YOUR ASSIGNMENT
Using the data below, reproduce exactly the lines from the line with "Loofah on a" to the line with "Model sculpted in", both included; pictures must be dropped.

INFORMATION
_ _ _

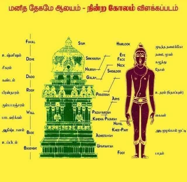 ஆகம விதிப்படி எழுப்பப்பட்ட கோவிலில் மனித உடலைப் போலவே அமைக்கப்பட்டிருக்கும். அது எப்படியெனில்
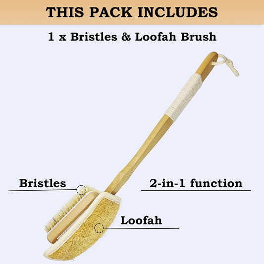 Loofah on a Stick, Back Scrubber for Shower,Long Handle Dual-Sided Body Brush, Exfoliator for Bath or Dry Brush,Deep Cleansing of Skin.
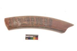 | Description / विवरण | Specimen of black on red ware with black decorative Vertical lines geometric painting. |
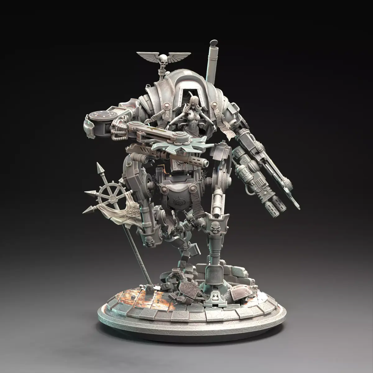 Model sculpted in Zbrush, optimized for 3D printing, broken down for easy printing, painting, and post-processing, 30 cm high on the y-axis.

_ _ _

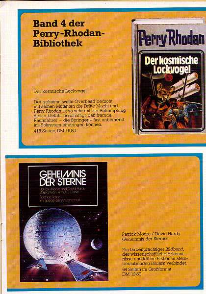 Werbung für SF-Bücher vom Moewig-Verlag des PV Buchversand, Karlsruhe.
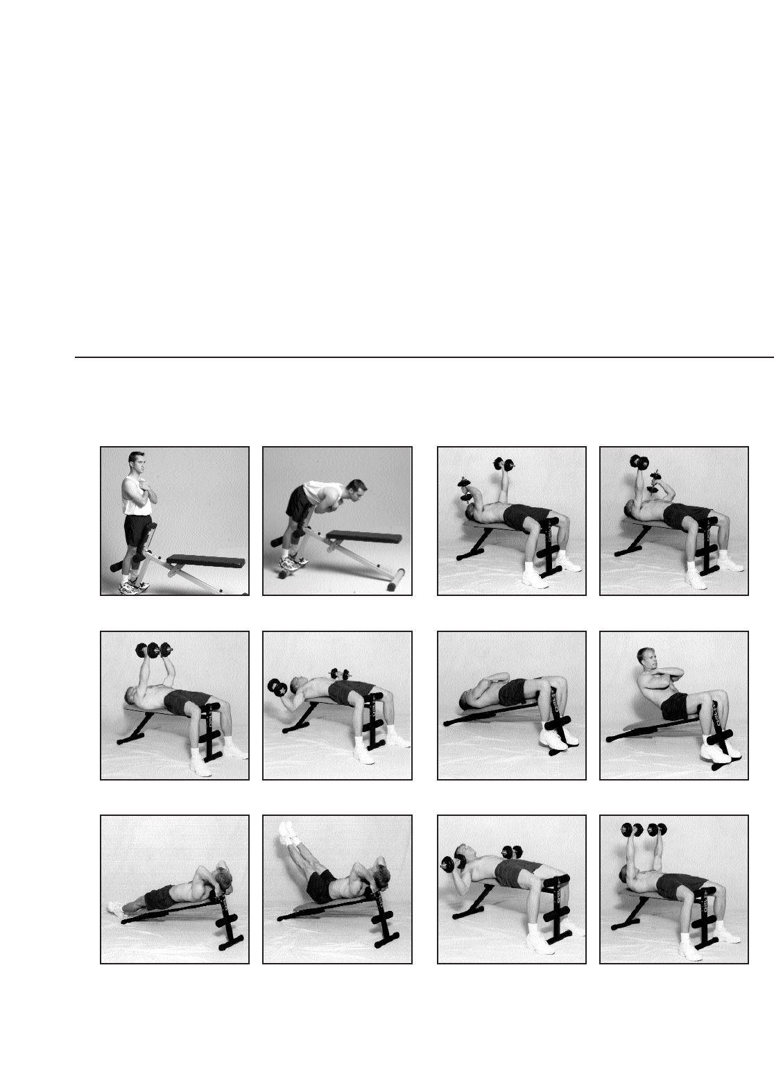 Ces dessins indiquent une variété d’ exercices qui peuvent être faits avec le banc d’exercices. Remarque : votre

_ _ _

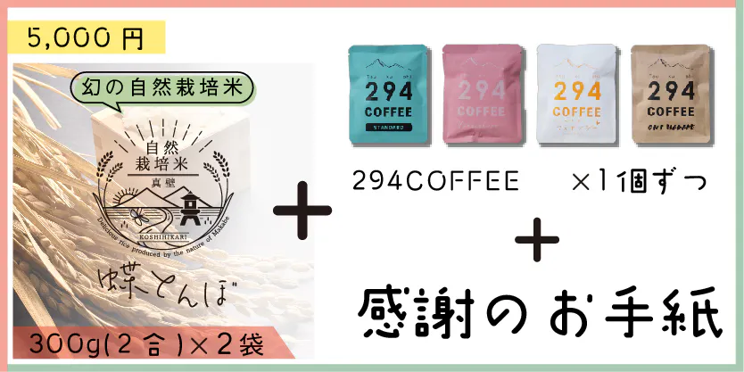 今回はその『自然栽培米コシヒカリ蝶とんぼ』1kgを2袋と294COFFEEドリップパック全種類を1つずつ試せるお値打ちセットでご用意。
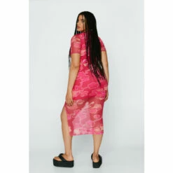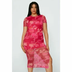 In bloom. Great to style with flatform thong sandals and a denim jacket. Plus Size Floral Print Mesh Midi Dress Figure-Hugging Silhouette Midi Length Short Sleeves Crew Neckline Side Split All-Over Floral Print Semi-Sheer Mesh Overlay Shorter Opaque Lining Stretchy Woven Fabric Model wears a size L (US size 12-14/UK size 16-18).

_ _ _

TASK SOLUTION
 Loofah on a Stick, Back Scrubber for Shower,Long Handle Dual-Sided Body Brush, Exfoliator for Bath or Dry Brush,Deep Cleansing of Skin.
 | Description / विवरण | Specimen of black on red ware with black decorative Vertical lines geometric painting. |
 Model sculpted in Zbrush, optimized for 3D printing, broken down for easy printing, painting, and post-processing, 30 cm high on the y-axis.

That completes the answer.